Metabolic markers highly predictive (pred) in both testcross (TC) populations and those specifically for heterosis (het) prediction in one certain testcross set-up, each in alphabetical order.
Figure 4.
Histograms of particular metabolic markers over all 359 investigated RILs.
Here, unit area histograms are presented, i.e. the particular curve shows proportions rather than absolute numbers. Thus it constitutes a simple density estimate. The x-axis demonstrates normalized metabolite levels and is divided into equidistant intervals. The y-axis represents the relative frequency per interval. The panels A and B show the two metabolic markers with the highest VIP in each investigated model, i.e. Unknown 31 (using a functional group prediction service offered by the Golm Metabolome Database [41] at least one hydroxyl group was predicted to be present in Unknown 31) and Cellobiose. The levels of these highly predictive metabolic markers deviate obviously from normal distributions, namely they display bimodal distributions.

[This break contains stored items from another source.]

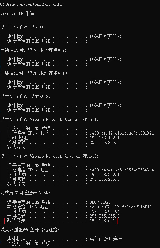 # 查看windows本地IP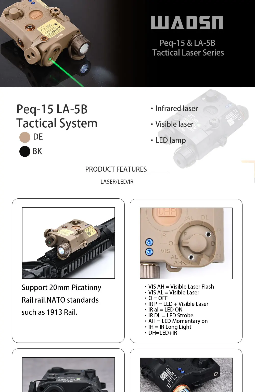 Wadsn táctico Airsoft PEQ-15 PEQ15 LA5C punto rojo verde azul IR luz de relleno arma indicador M300A M600C PEQ15 LA-5C UHP PEQ-15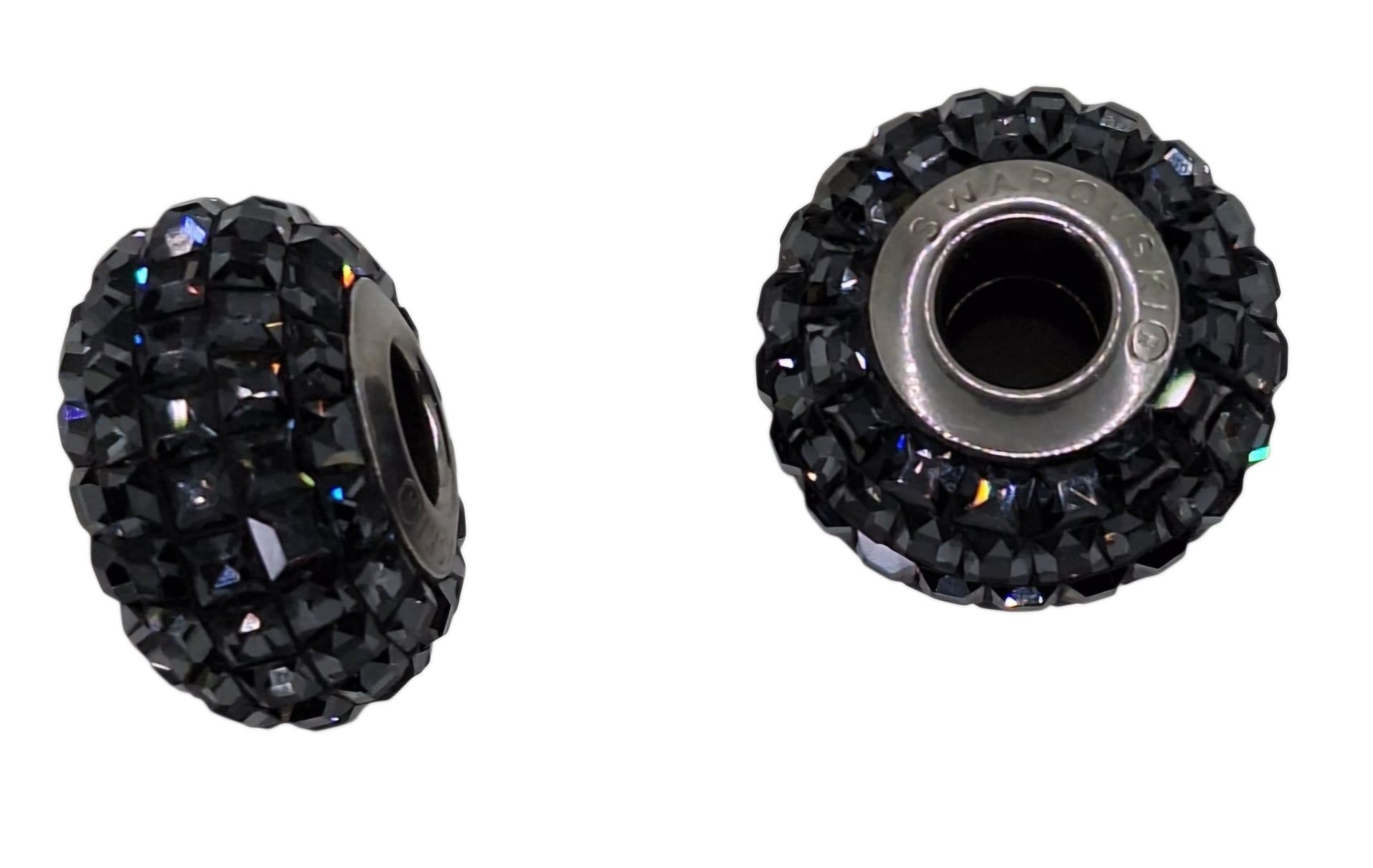 Perle Pavé Swarovski BeCharmed 180201 Crystal Silver Night, large trou en acier inoxydable, compatible bracelets type Pandora.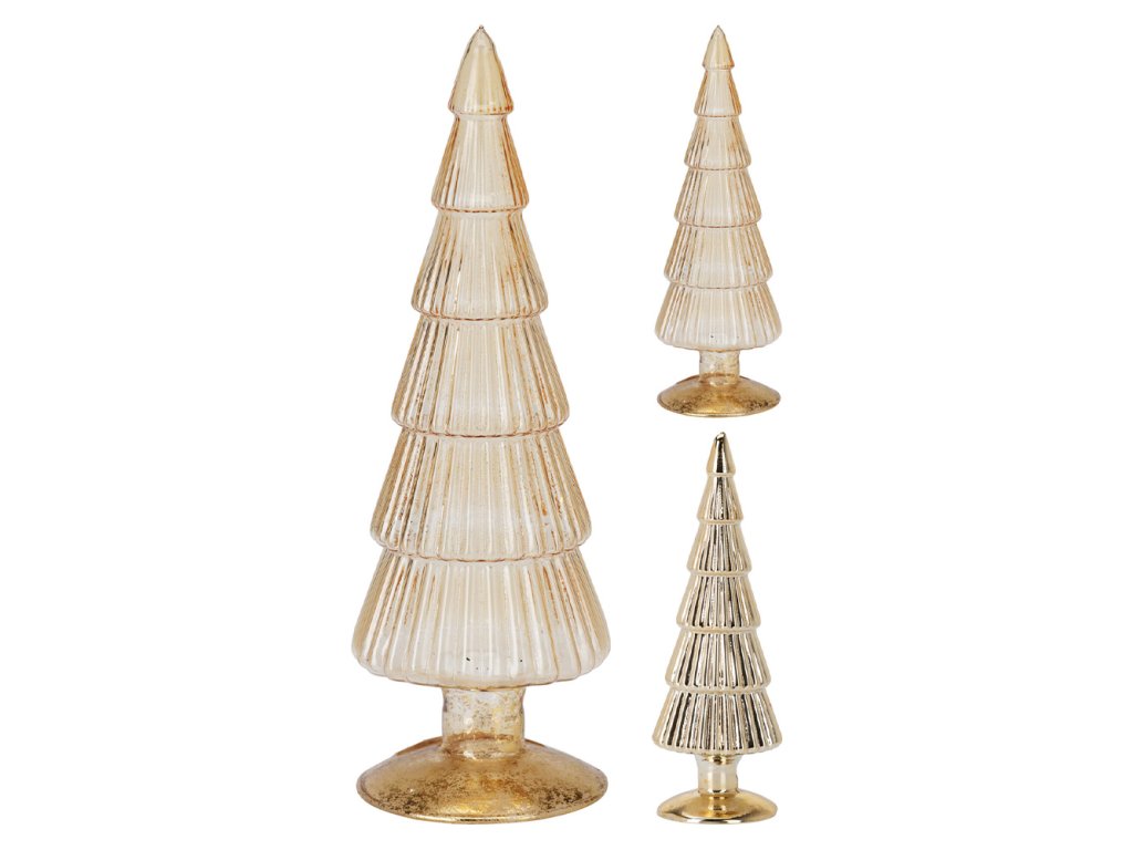 Skleněný vánoční stromek 34 cm, zlatá šampaň (2 barvy)

The deviation from a normal distribution seems to abate with decreasing importance of the particular metabolic marker in the models. This is demonstrated by the two examples C and D of metabolic markers, which have in average the lowest VIP in our models.
Figure 5.
Simplified display of the idea behind the modelling for the different predictor sets.
The chain of causality from genes to phenotype is displayed here. Since genes are at the starting point of the causal chain, one established way to model a phenotype Y is to use genetic markers X and combine them linearely (genetic model in red). Using instead predictor variables Z, which are close to the phenotype, such as metabolites, presents another promising way to predict a complex phenotype, since those variables integrate already parts of the complex gene interactions (represented by products Xi*Xj). The advantage is that we do not need to know, which genes actually interact in which way, and that the model can stay simple. It just linearely combines metabolite variables, thus integrating non-linear interactions indirectly (metabolite model in blue). In the end, one might use a combination of both approaches, i.e. combining different levels of the causal chain, to explain as much as possible of the complex phenotype. Hence one integrates linear relationships concerning the response as well as non-linear gene interactions, while sticking to the simple model ansatz of a linear combination of genetic predictors X and metabolite variables Z (combined model in violet).